Since my last piece on Factor-Based Investing in the Corporate Bond Market, both the research into this topic and tools available have come a long way. Just as with our equity counterparts, rich new datasets such as environmental, social, and governance (ESG) and liquidity have found their place in both the portfolio construction and management workflows of the fixed-income portfolio manager. New quantitative tools have made the factor research process far more seamless than it was even just a few short years ago.
Despite the availability of tools, true factor-based corporate bond portfolios haven’t yet become as ubiquitous as traditional fixed-income strategies, which has left fertile ground for the development of new strategies in this space. In this piece, I explore the entire workflow, from bottom-up factor construction to backtesting a composite strategy.
Since our target asset class in this case is corporate bonds, we have a wide variety of factors available for research on both the security as well as the ultimate issuer level.
On the security level, I focused on two of the most commonly used factor styles—risk and momentum. Within the low-risk category, I focused mainly on highly rated short-dated debt, and for momentum I’ve used changes in spread, Duration Times Spread (DTS), and total return over various horizons. While I’ve used simple analytics and basic transformations, a full array of statistical and arithmetic functions is available for the more enterprising quant credit analyst.
The ability to analyze issuer-level characteristics opens a rich swath of factors focusing on liquidity, debt capital structure, and creditworthiness of corporate issuers.

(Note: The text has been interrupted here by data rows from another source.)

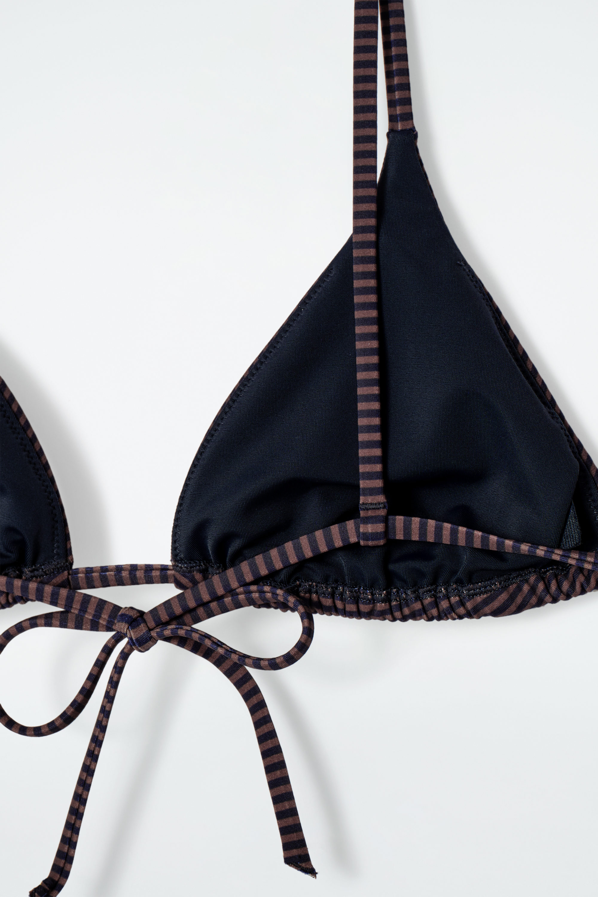This bikini top is a timeless option for days spent in the sun. Decorated with navy and chocolate-brown stripes, it's cut with moulded triangle cups and has delicate rouleau straps. It's a natural choice for getaway packing; style it with the matching bikini briefs.
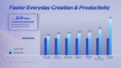 前世代のCore 7 150Uと比較すると、最大2.1倍高速なコンテンツ制作/生産性アプリの性能、最大64%低い電力、最大2.7倍のGPU性能を提供できるとしている。
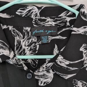 Faith & Zoe Women's Plus Size 2X Black White Floral Sheer Button Up Blouse Top
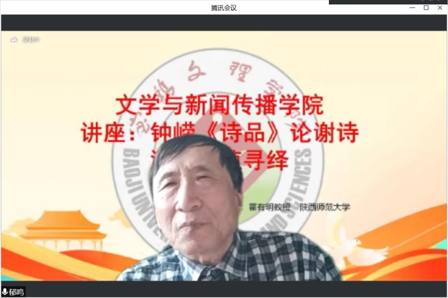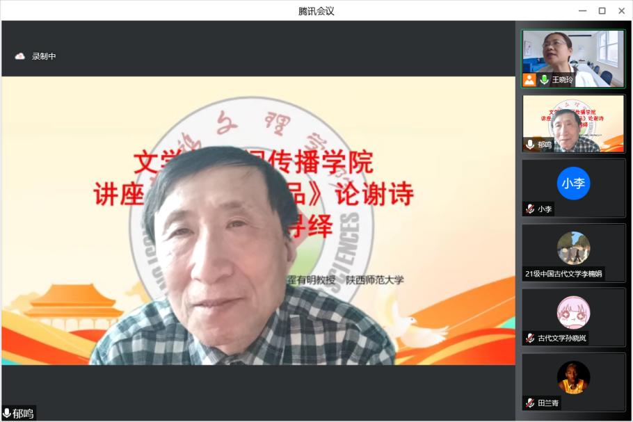 2022年5月28日下午14:30在腾讯会议室,公司举行了英国365集团官网博士生导师霍有明教授《钟嵘<诗品>论谢诗源出曹植寻绎》的专题学术报告。英国365集团官网王晓玲副教授担任此次讲座的主持。全体古代文学方向在读研究生于线上聆听了报告。

Here it’s important that your credit parent database is timestamped, as frequent M&A activity between issuers means the characteristics that might drive total return need to be linked to the correct period at the point in time under analysis. In my example, I’ve used the constituents of the Bloomberg Barclays Global Aggregate and their ultimate issuers.
For my analysis I’ve focused on two main issuer-level analytics types, ESG and issuer level debt position and use of cash.
All these factors combined will allow me to eventually test a strategy of whether low risk, high momentum, high ESG, liquid issues where the issuer uses cash to service debt promptly can outperform the universe benchmark.
As a starting point of my quantitative analysis, I created an equally-weighted composite factor for each group (low risk, high momentum, high ESG, liquidity, and equity). Fractile analysis of the composite factors can quickly reveal their efficacy as investible signals. Here you see that both momentum and low-risk show promise, as does equity to a lesser extent.
Alternatively, your analysis could start at the individual factor level, but I’ve found I can save time by starting from the top down.
Digging deeper into the momentum factor group, I supplemented standard total return momentum factors with momentum in spread to treasury, as well as momentum in DTS. Each of these factors was calculated for a lagged period up to one month prior to the period under analysis. It’s the momentum in narrowing spread and DTS that stand out as potential factors for further investigation.
Digging deeper into the equity factor group, the factors I tested focused on issuers that have a low overall debt burden (absolute, relative to EBITDA, and relative to cash flow), as well as those where cash is used to service outstanding debt rather than issuing new equity of paying dividends. With a simple fractile analysis, two stand out as potential signals—debt/EBITDA and debt/FFO.
That’s not to say that the other factors might not be useful; their signal strength might be more evident over a different horizon or as part of a multi-factor rank.
Since I had promising factors in several groups, I wanted a way to view the significance of all factors using two measures: information coefficient and Sharpe ratio. Running a scatter plot with these axes quickly shows that our significant factors are spread across the low-risk, momentum, and equity factor groups.
As with previous research in the equity market, we see that ESG doesn’t perform well as an investible factor and is better suited as a universe limitation criterion. Similarly, liquidity shows no clear use as a signal at the return horizon I tested.
Working towards our strategy, we can combine the above factors into a single composite. Historically these composite factors would have been combined using a simple weighting scheme, but techniques have improved greatly in the last few years. In creating my composite strategy, I used the trailing month information coefficient of each of the components as the weighting, yielding the below profile.
Running the total return for my strategy factor, we see the fractile profile matches what we would expect for a significant investible factor (fractile 1 outperforms fractile 2, fractile 2 outperforms fractile 3, etc.).
When comparing securities in the top fractile to the benchmark, we see significant outperformance over the evaluation period (more than 20%). The strategy was particularly effective at amplifying the market upswing since 2018.
While this strategy doesn’t apply real-world considerations such as trading costs, turnover limits, and other mandate limits, it does provide a useful jumping-off point for deeper analysis. To further sharpen the efficacy of the factor we could analyze how it performs during various macroeconomic environments (e.g., low inflation, high QE), to help predict how it might perform in these markets in the future.
In my next piece, I will explore how a portfolio can be built around this strategy using an optimization tool and then how the relative performance of this portfolio can be explained using a fixed-income attribution methodology.